### Collected material:

>>>>

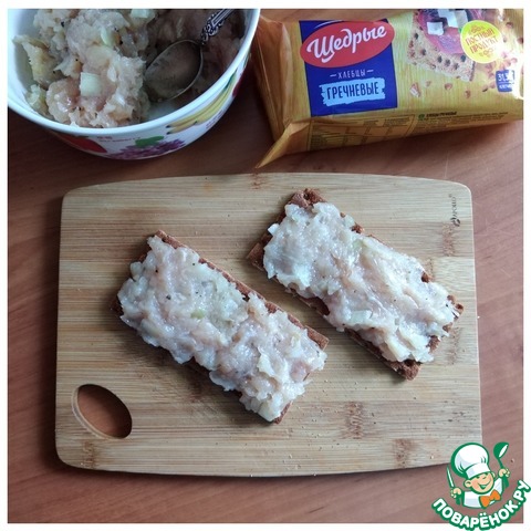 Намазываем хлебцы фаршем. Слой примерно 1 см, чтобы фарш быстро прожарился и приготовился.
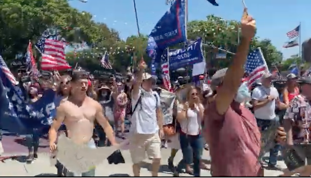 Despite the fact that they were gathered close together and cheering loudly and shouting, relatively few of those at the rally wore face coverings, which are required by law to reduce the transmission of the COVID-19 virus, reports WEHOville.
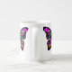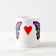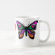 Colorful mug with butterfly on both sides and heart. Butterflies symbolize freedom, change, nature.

<<<<

What you need to retype is every line from the one that has "Despite the fact" through the last line of the listing, both included, with the pictures left out.

### Exercise response:
 Despite the fact that they were gathered close together and cheering loudly and shouting, relatively few of those at the rally wore face coverings, which are required by law to reduce the transmission of the COVID-19 virus, reports WEHOville.
 Colorful mug with butterfly on both sides and heart. Butterflies symbolize freedom, change, nature.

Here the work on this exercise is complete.